TASK TO CARRY OUT
Take the line that contains "A Mimosa Bar" and each one after it through the last line below, and retype them exactly. Leave out the pictures.

::: DATA EXCERPT

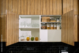 Kitchen cabinet standing open revealing shelves with glassware, jars labeled with pantry staples, woven basket, spices and containers, modern wood and black tile background
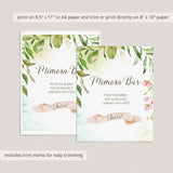 A Mimosa Bar will take your shower to the next level. Use this gorgeous watercolor leaves Mimosa Bar sign to decorate your Mimosa Bar Table and help guests know how to prepare their drinks. You'll easily add a lovely touch to any party.
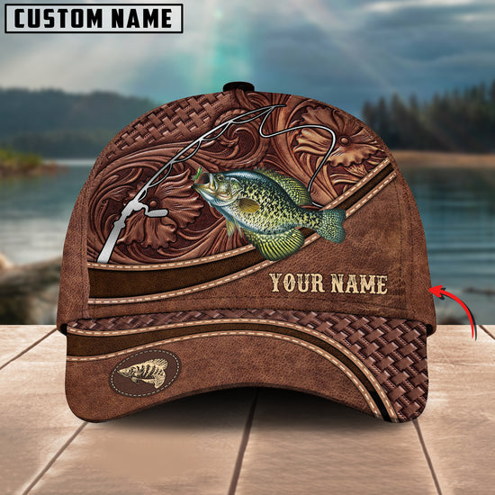 Joycornerss Custom Name Crappie Fishing Carving Leather Pattern 3D Classic Cap

::::::

OUTPUT
 A Mimosa Bar will take your shower to the next level. Use this gorgeous watercolor leaves Mimosa Bar sign to decorate your Mimosa Bar Table and help guests know how to prepare their drinks. You'll easily add a lovely touch to any party.
 Joycornerss Custom Name Crappie Fishing Carving Leather Pattern 3D Classic Cap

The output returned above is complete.